**What is required:** Your answer must be the records below repeated word for word, with no pictures in it.

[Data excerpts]
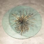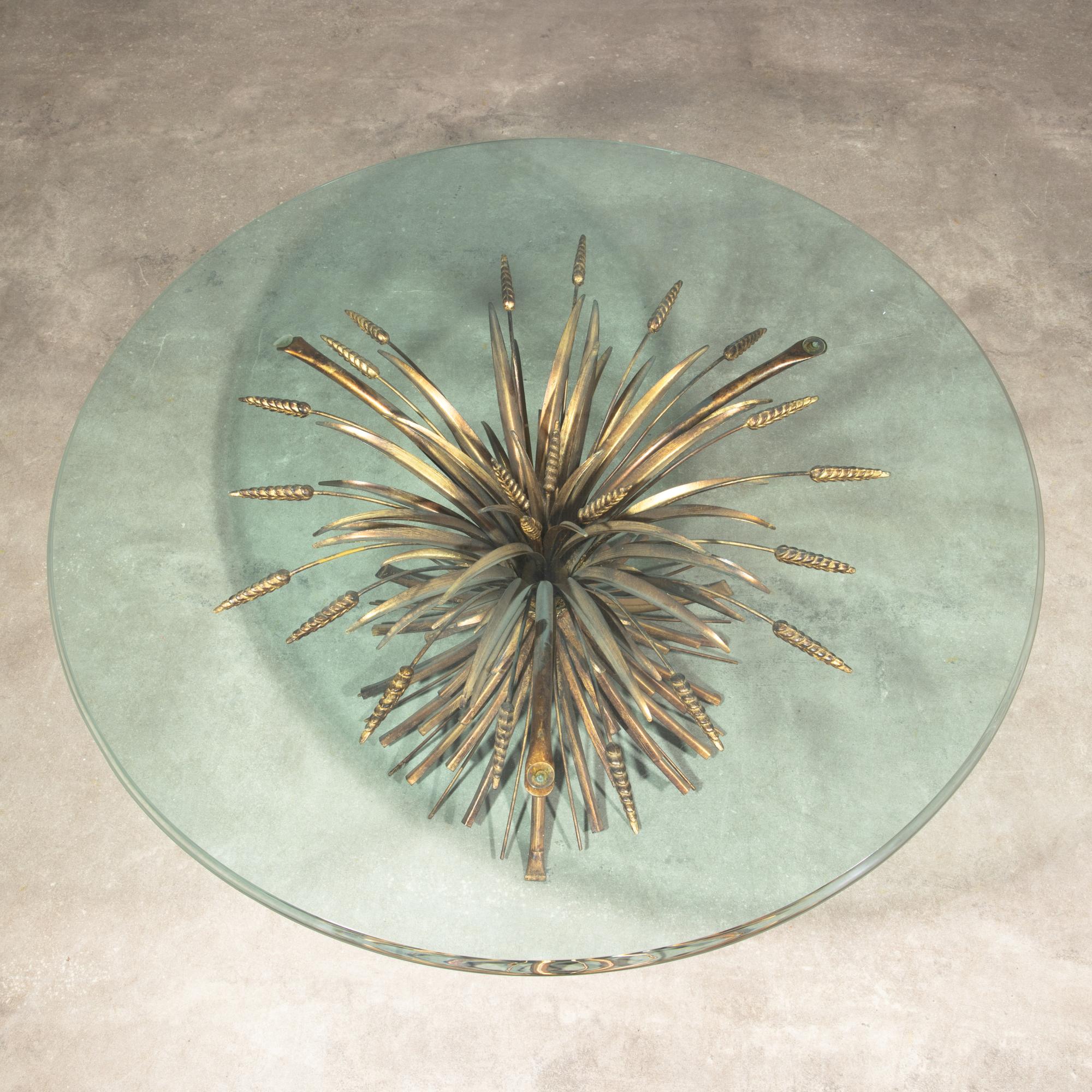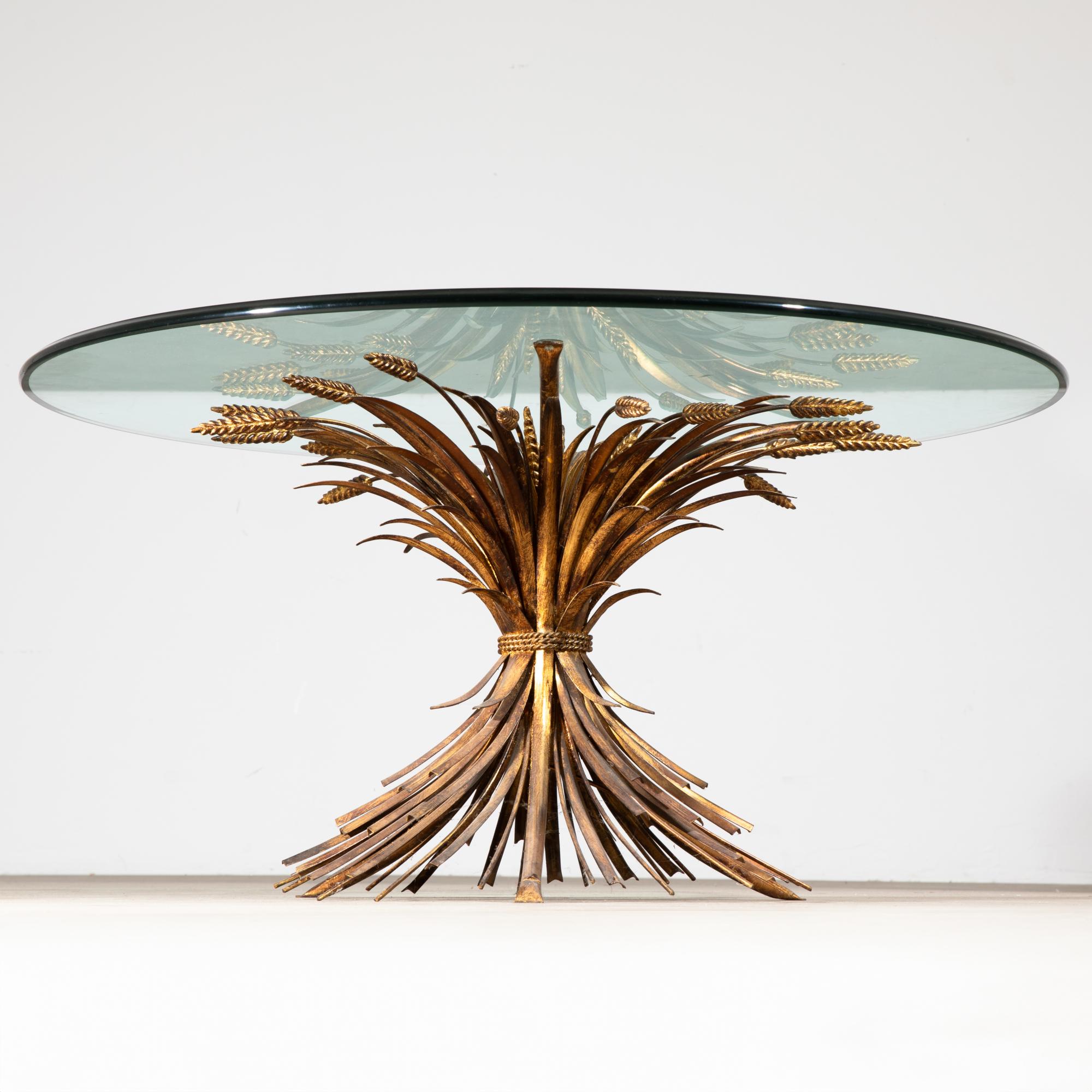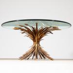 Untergestell in Form einer mit einer Kordel zusammengebundenen Weizengarbe. Glas, Metall, goldfarben gefasst und patiniert. H. 45 cm, D. 95 cm. Ein Tisch in dieser Art ist auf einer Fotografie aus den 1950er Jahren im Apartment von Coco Chanel in der Rue Cambon zu sehen.
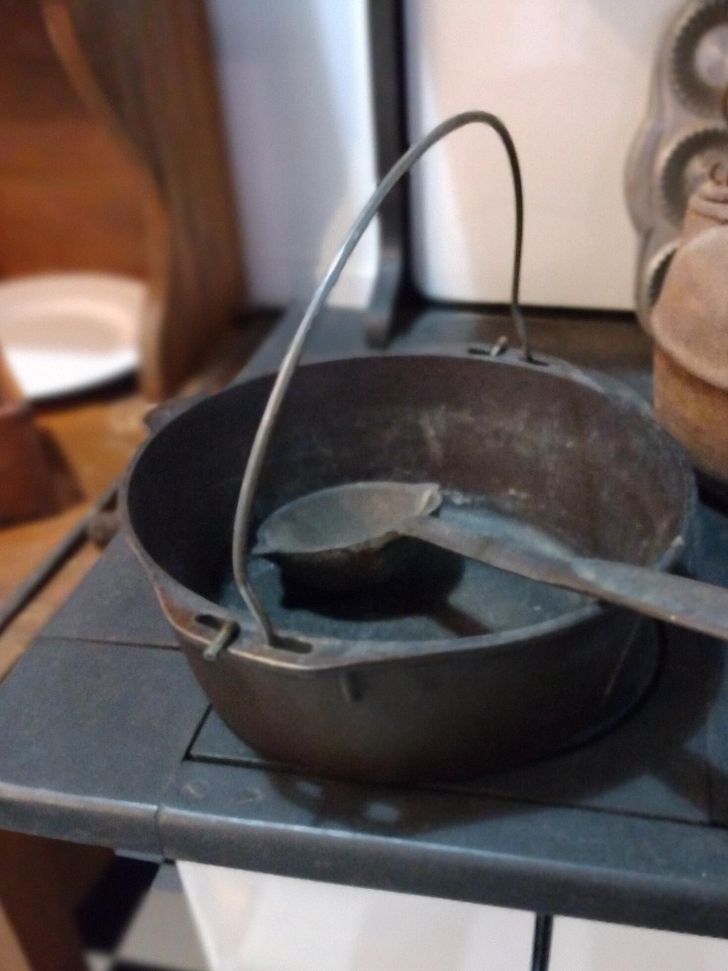 Cast iron stew pot. Cast iron spoonCollection
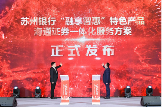 苏州银行党委委员薛辉、海通证券副总经理潘光韬共同发布苏州银行“融享智惠”特色产品及海通证券一体化服务方案。
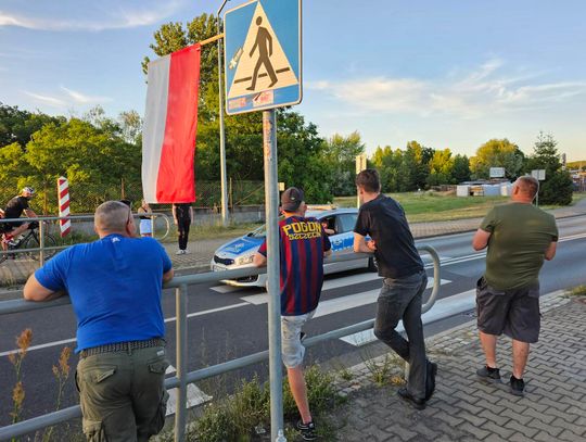 Po około 3 godzina przyjechała polska policja. Radiowóz podjechał przed odblokowane czasowo przejście dla pieszych i… odjechał. Zatrzymał się ok. 100 m dalej.
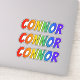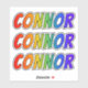 This fun, multicolored, and exciting sticker design features the common first name or given name "CONNOR", with the letters of the name having a colourful rainbow spectrum inspired gradient colouring pattern. It might be a fun present to give to somebody whose given name is Connor. [~Z0000361]

**Expected answer:**
 Untergestell in Form einer mit einer Kordel zusammengebundenen Weizengarbe. Glas, Metall, goldfarben gefasst und patiniert. H. 45 cm, D. 95 cm. Ein Tisch in dieser Art ist auf einer Fotografie aus den 1950er Jahren im Apartment von Coco Chanel in der Rue Cambon zu sehen.
 Cast iron stew pot. Cast iron spoonCollection
 苏州银行党委委员薛辉、海通证券副总经理潘光韬共同发布苏州银行“融享智惠”特色产品及海通证券一体化服务方案。
 Po około 3 godzina przyjechała polska policja. Radiowóz podjechał przed odblokowane czasowo przejście dla pieszych i… odjechał. Zatrzymał się ok. 100 m dalej.
 This fun, multicolored, and exciting sticker design features the common first name or given name "CONNOR", with the letters of the name having a colourful rainbow spectrum inspired gradient colouring pattern. It might be a fun present to give to somebody whose given name is Connor. [~Z0000361]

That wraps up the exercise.